Start of Block

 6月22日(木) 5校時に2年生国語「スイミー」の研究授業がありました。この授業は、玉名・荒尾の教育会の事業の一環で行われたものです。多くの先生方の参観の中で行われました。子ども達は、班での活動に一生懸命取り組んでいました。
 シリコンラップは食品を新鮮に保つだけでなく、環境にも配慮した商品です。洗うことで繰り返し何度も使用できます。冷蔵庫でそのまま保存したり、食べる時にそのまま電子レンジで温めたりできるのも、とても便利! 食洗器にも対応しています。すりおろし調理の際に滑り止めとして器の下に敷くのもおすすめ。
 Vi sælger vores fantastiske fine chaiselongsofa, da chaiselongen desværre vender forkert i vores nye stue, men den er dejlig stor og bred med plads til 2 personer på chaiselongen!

End of Block
Start of Block

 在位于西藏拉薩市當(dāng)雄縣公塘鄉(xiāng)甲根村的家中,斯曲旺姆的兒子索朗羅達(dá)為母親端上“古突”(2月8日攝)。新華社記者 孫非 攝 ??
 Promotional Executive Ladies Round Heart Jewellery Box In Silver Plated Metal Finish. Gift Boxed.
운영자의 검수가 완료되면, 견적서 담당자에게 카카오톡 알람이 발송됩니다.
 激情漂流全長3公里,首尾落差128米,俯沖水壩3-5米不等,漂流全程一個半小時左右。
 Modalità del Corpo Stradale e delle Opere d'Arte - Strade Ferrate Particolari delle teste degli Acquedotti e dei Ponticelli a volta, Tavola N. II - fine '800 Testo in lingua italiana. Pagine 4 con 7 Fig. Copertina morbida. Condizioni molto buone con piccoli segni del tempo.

End of Block
Start of Block

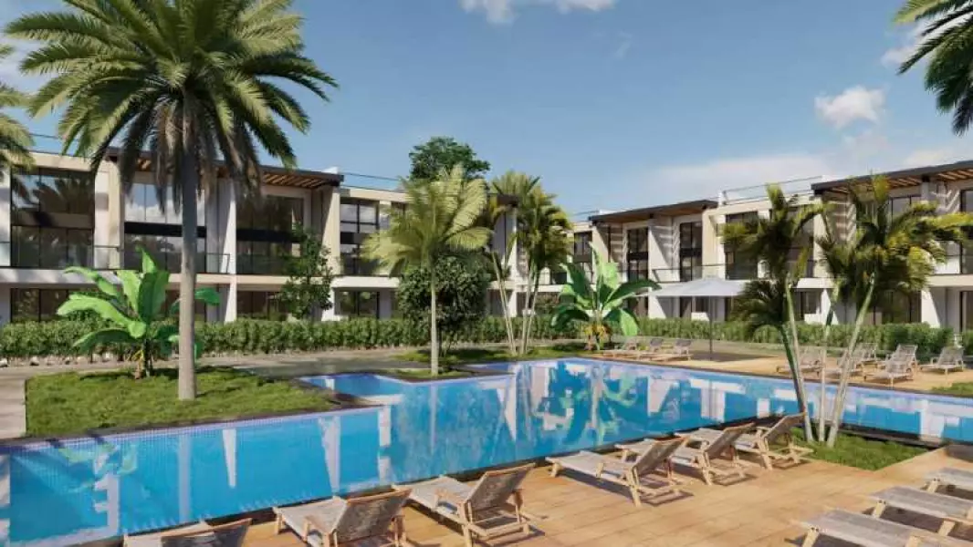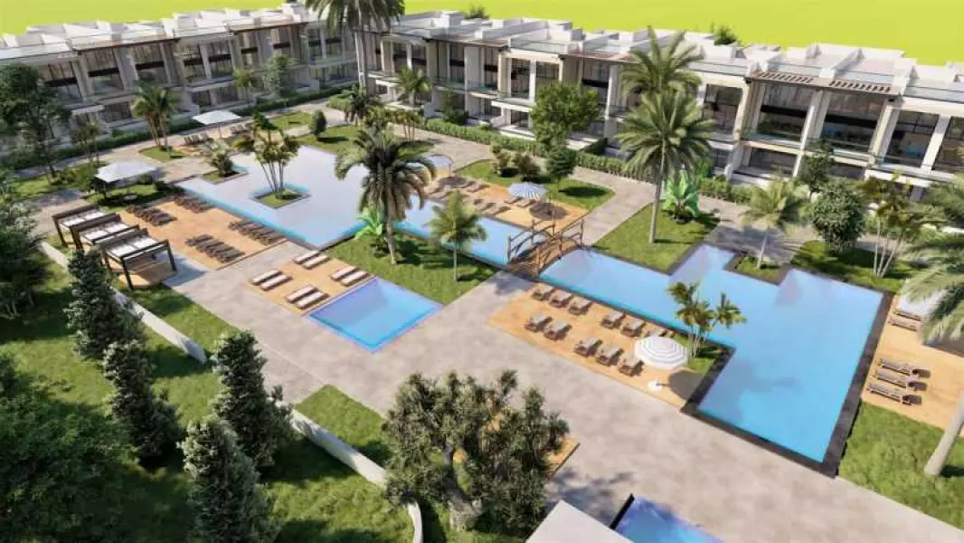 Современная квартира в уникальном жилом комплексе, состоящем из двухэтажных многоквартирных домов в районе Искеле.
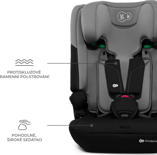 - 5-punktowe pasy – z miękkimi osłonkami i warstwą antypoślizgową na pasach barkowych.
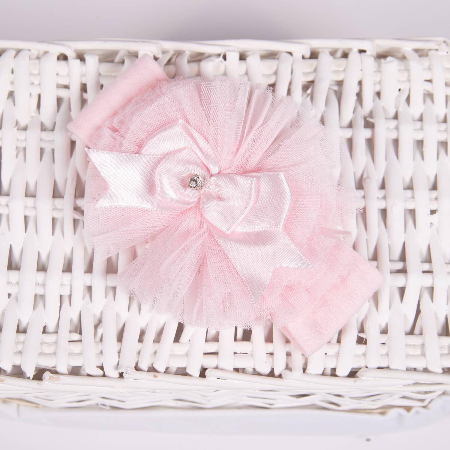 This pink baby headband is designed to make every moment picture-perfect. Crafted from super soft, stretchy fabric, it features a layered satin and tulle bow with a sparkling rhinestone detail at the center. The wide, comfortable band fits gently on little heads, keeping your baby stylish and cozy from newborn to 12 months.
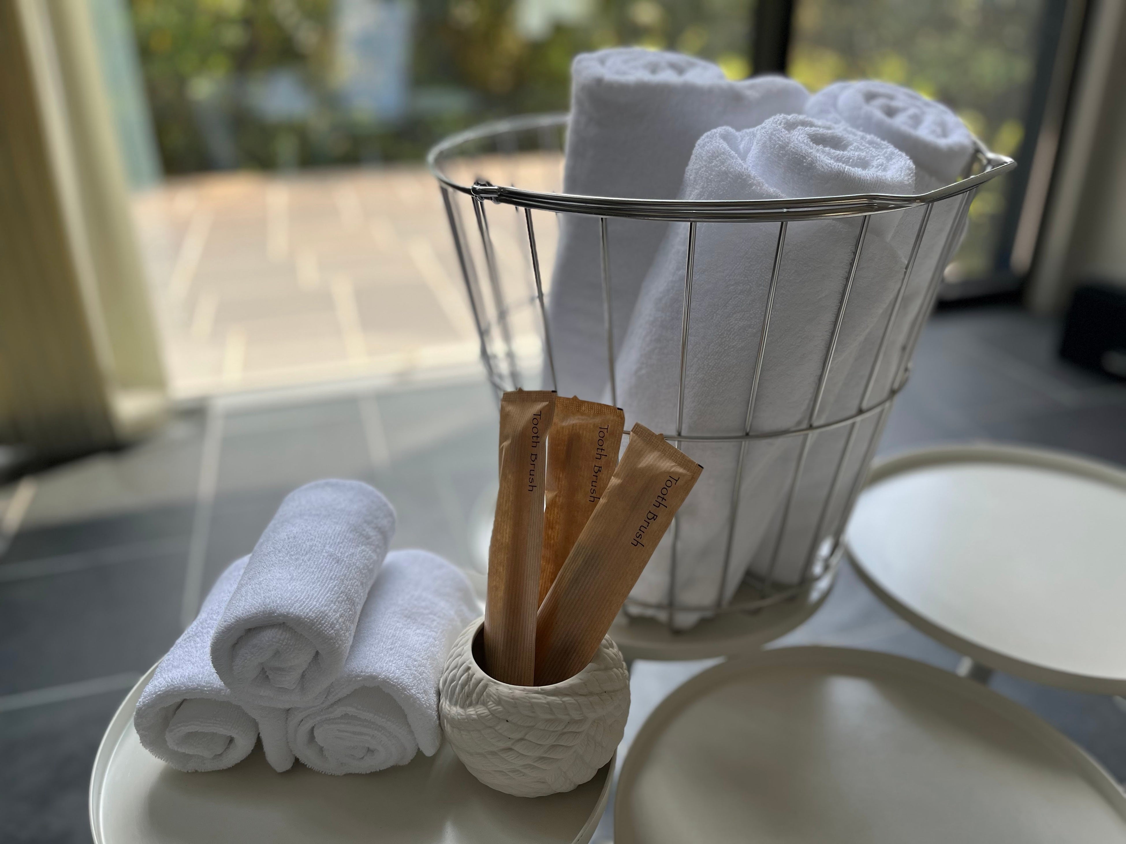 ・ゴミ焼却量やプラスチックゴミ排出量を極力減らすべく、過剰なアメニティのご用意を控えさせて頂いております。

End of Block

• **YOUR GOAL**
Scan the records above for the string "fine", then copy each line where it turns up.

• **WRITTEN RESPONSE**
 Vi sælger vores fantastiske fine chaiselongsofa, da chaiselongen desværre vender forkert i vores nye stue, men den er dejlig stor og bred med plads til 2 personer på chaiselongen!
 Modalità del Corpo Stradale e delle Opere d'Arte - Strade Ferrate Particolari delle teste degli Acquedotti e dei Ponticelli a volta, Tavola N. II - fine '800 Testo in lingua italiana. Pagine 4 con 7 Fig. Copertina morbida. Condizioni molto buone con piccoli segni del tempo.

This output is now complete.